As some of you may know, two of our cats passed away recently.  One cat, Ginger, had become my hubby’s little buddy and he was particularly devastated when Ginger passed.  Hubby had been allergic to cats when he was younger and had only in the last few years gotten to the point (from repeated exposure) where he could pet and hold a cat without breaking out.  Hence, he had never really bonded with a cat…until Ginger.  Mr.

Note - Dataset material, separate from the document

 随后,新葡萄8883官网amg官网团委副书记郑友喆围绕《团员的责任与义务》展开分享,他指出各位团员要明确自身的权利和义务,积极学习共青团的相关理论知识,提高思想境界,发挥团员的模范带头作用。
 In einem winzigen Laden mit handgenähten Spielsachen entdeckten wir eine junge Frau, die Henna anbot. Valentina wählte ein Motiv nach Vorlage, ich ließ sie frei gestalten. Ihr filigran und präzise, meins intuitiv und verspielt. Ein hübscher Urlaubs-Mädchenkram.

Ginger was not intimidated by the big guy at all, he just hopped up right into his lap, looked him square in the eye and started doing biscuits on his chest.  Ginger tolerated me as well as the munchkin, would give us enough love to keep us happy, but he was definitely hubby’s cat, following him around, sitting on him while they surfed the ‘net together, snuggling up against him in bed, etc.  Ginger was a Turkish Angora cat, and if you do a search for the breed they give a very accurate description of their personalities–highly intelligent, more dog-like than feline, strong-willed, inquisitive, loves water, very devoted.  It was those traits that made Ginger so special.

Hubby mentioned to me that he would like to get another cat, preferably a Turkish Angora, to become part of our family soon.  He missed that special interaction he had with Ginger, and though he knew nothing would replace him, he had now become a cat daddy and wanted another companion.  So, I started looking.  I had no idea Turkish Angoras would be so darned hard to find!  There are breeders up north, as well as some in California and Florida.  I really didn’t want to go through a breeder if at all possible, preferring to adopt/rescue one that needs a forever home.  That said, I couldn’t find one Turkish Angora within 300 miles of us.

We kept looking, went to local adoption events, looked through websites of the Humane Society, Animal Care Services, etc.  None of the cats “spoke” to us.  I was beginning to lose hope and thinking we’d have to go with a breeder, which meant having the cat flown down given the distance between us and the breeder.

Then, as I was doing a last cursory search through Adopt A Pet, I see they have not one, not two, but three Turkish Angora kittens listed approximately 170 miles away from us at a rescue shelter.  They also had a Maine Coon, and the munchkin fell in love with the picture.  After a short consideration, hubby said we could get one of the Turkish Angoras and the Maine Coon.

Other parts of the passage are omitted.